I would actually like to avoid having this pr_info* inside the kernel.
Couldn't this be done e.g. through systemtap script that could e.g. be
placed under tools/net/ or inside the documentation file?
> +/* remap 'sock_filter' style BPF instruction set to 'bpf_insn' style (BPF64)
> + *
> + * first, call bpf_convert(old_prog, len, NULL, &new_len) to calculate new
> + * program length in one pass
> + *
> + * then new_prog = kmalloc(sizeof(struct bpf_insn) * new_len);
> + *
> + * and call it again: bpf_convert(old_prog, len, new_prog, &new_len);
> + * to remap in two passes: 1st pass finds new jump offsets, 2nd pass remaps
> + */
Would be nice to have the API comment it in kdoc format.

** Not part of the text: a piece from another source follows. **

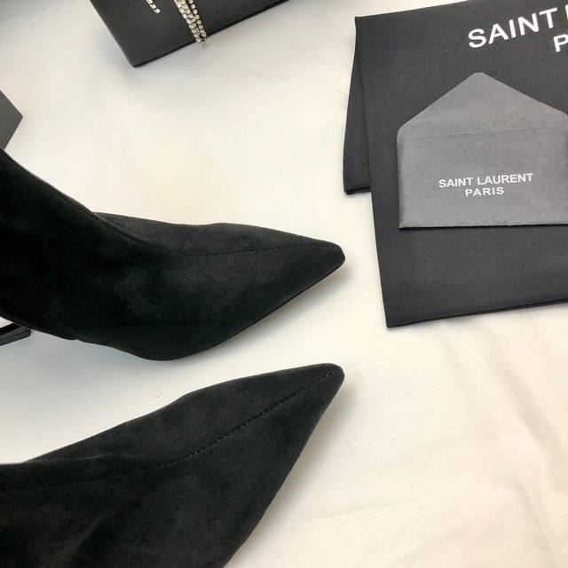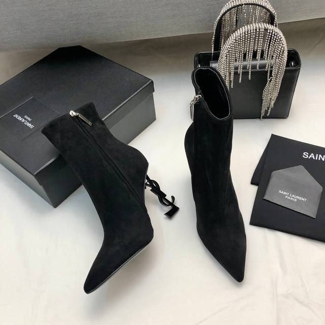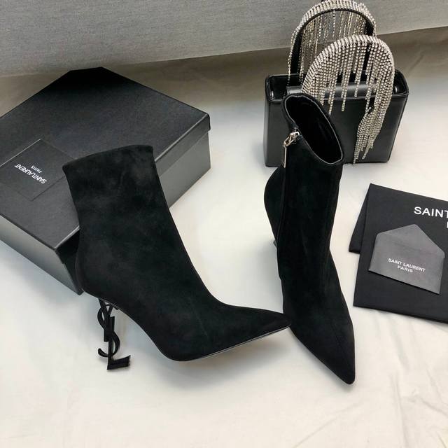leather, stretch PU Saint Lauren Ysl letter-heeled ankle bootsA must-have for t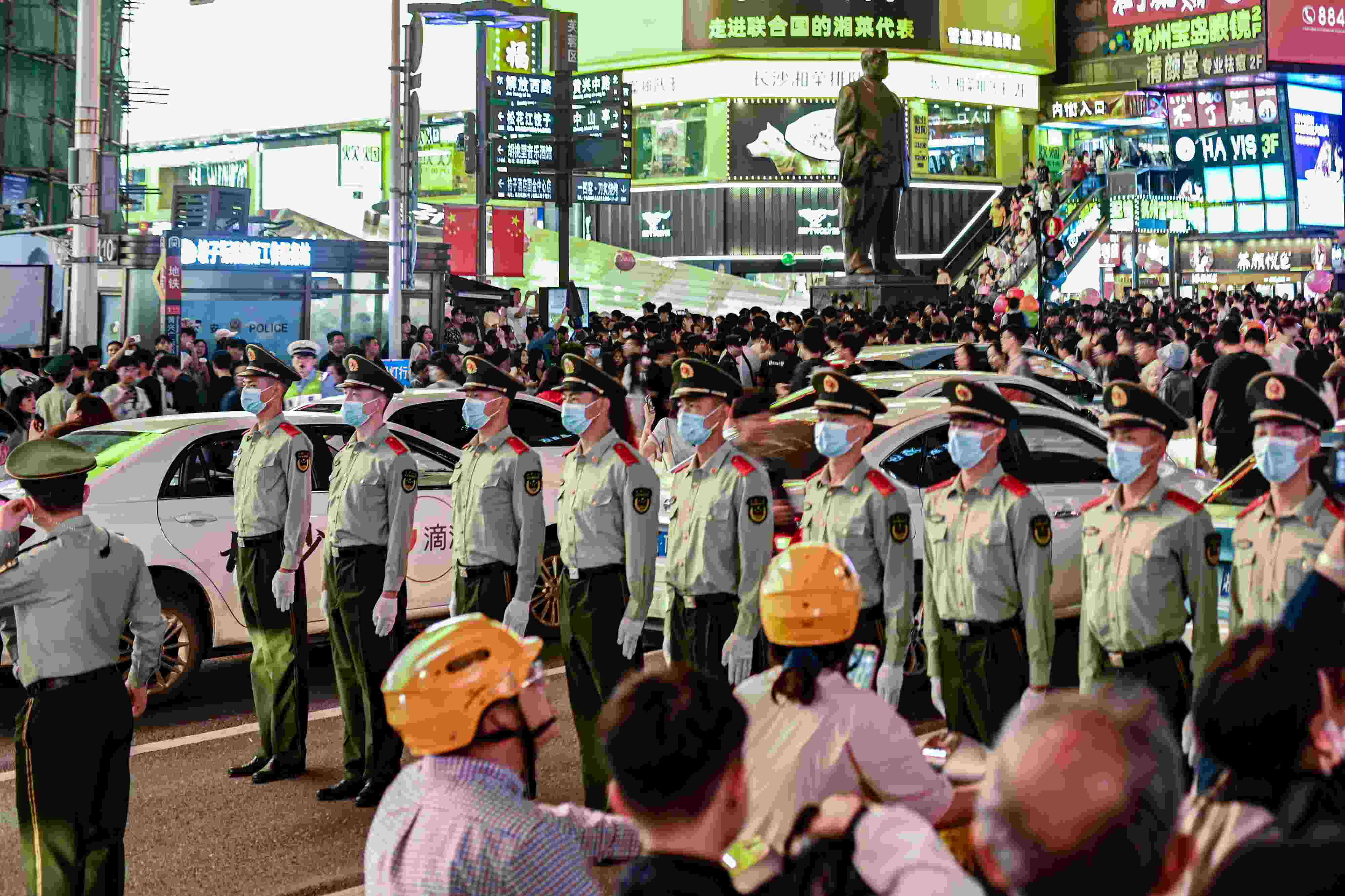 長沙:武警筑起“最美人墻” 守護(hù)游客安全

> +int bpf_convert(struct sock_filter *old_prog, int len,
> + struct bpf_insn *new_prog, int *p_new_len)
> +{
If we place it into net/core/filter.c, it would be nice to keep naming
conventions consistent, e.g. sk_convert_filter() or so.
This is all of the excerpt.